**Input data**
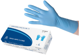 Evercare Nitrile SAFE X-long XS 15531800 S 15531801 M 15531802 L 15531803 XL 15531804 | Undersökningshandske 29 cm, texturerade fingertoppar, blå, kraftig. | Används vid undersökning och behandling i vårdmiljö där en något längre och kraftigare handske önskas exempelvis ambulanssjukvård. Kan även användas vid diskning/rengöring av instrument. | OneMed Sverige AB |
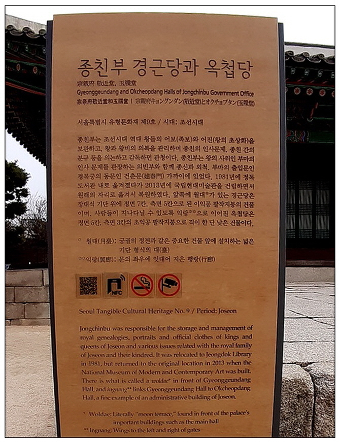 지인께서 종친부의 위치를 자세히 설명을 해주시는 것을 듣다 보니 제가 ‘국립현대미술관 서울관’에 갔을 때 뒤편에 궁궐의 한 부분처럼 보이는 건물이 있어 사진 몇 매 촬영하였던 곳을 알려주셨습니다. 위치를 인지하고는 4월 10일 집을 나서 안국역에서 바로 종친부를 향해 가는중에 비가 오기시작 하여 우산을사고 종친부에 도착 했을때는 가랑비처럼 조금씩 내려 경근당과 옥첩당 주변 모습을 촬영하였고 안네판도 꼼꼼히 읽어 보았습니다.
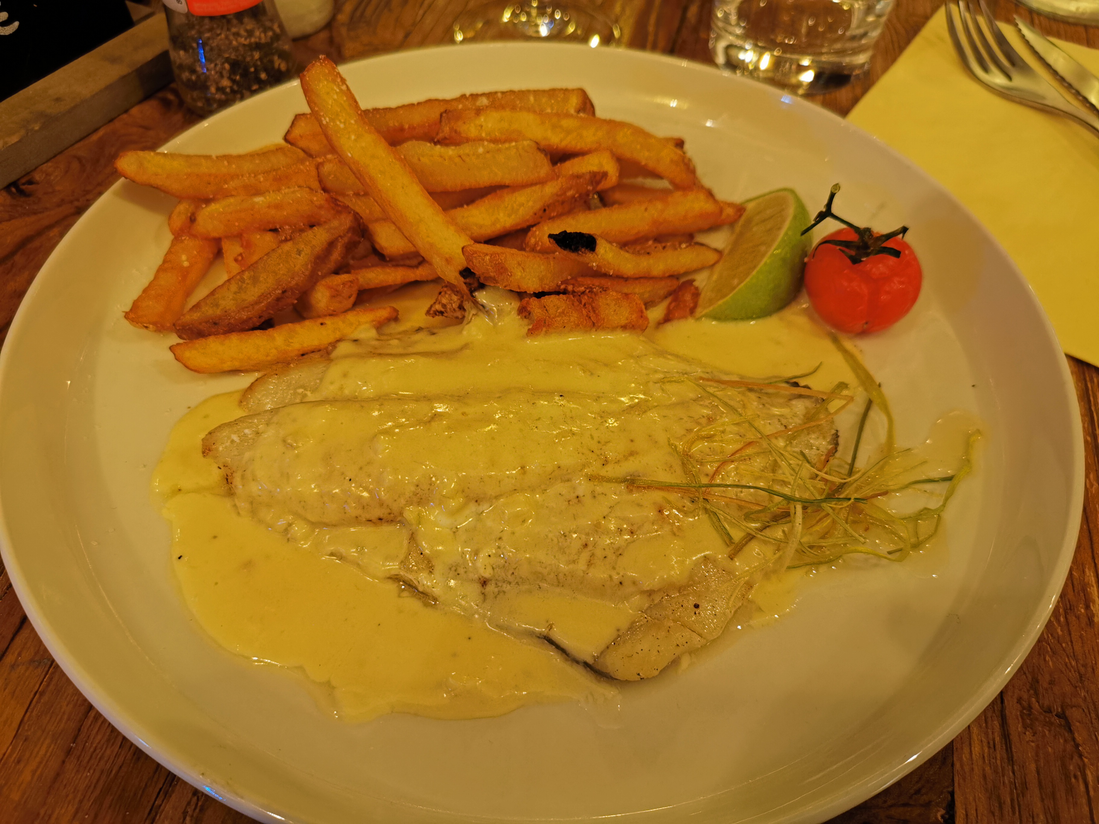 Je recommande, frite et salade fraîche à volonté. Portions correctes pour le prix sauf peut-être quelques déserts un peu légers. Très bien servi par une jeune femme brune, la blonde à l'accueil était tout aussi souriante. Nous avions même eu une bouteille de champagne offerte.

**What to do**
Could you print the material above word for word and skip the images?

**Your solution**
 Evercare Nitrile SAFE X-long XS 15531800 S 15531801 M 15531802 L 15531803 XL 15531804 | Undersökningshandske 29 cm, texturerade fingertoppar, blå, kraftig. | Används vid undersökning och behandling i vårdmiljö där en något längre och kraftigare handske önskas exempelvis ambulanssjukvård. Kan även användas vid diskning/rengöring av instrument. | OneMed Sverige AB |
 지인께서 종친부의 위치를 자세히 설명을 해주시는 것을 듣다 보니 제가 ‘국립현대미술관 서울관’에 갔을 때 뒤편에 궁궐의 한 부분처럼 보이는 건물이 있어 사진 몇 매 촬영하였던 곳을 알려주셨습니다. 위치를 인지하고는 4월 10일 집을 나서 안국역에서 바로 종친부를 향해 가는중에 비가 오기시작 하여 우산을사고 종친부에 도착 했을때는 가랑비처럼 조금씩 내려 경근당과 옥첩당 주변 모습을 촬영하였고 안네판도 꼼꼼히 읽어 보았습니다.
 Je recommande, frite et salade fraîche à volonté. Portions correctes pour le prix sauf peut-être quelques déserts un peu légers. Très bien servi par une jeune femme brune, la blonde à l'accueil était tout aussi souriante. Nous avions même eu une bouteille de champagne offerte.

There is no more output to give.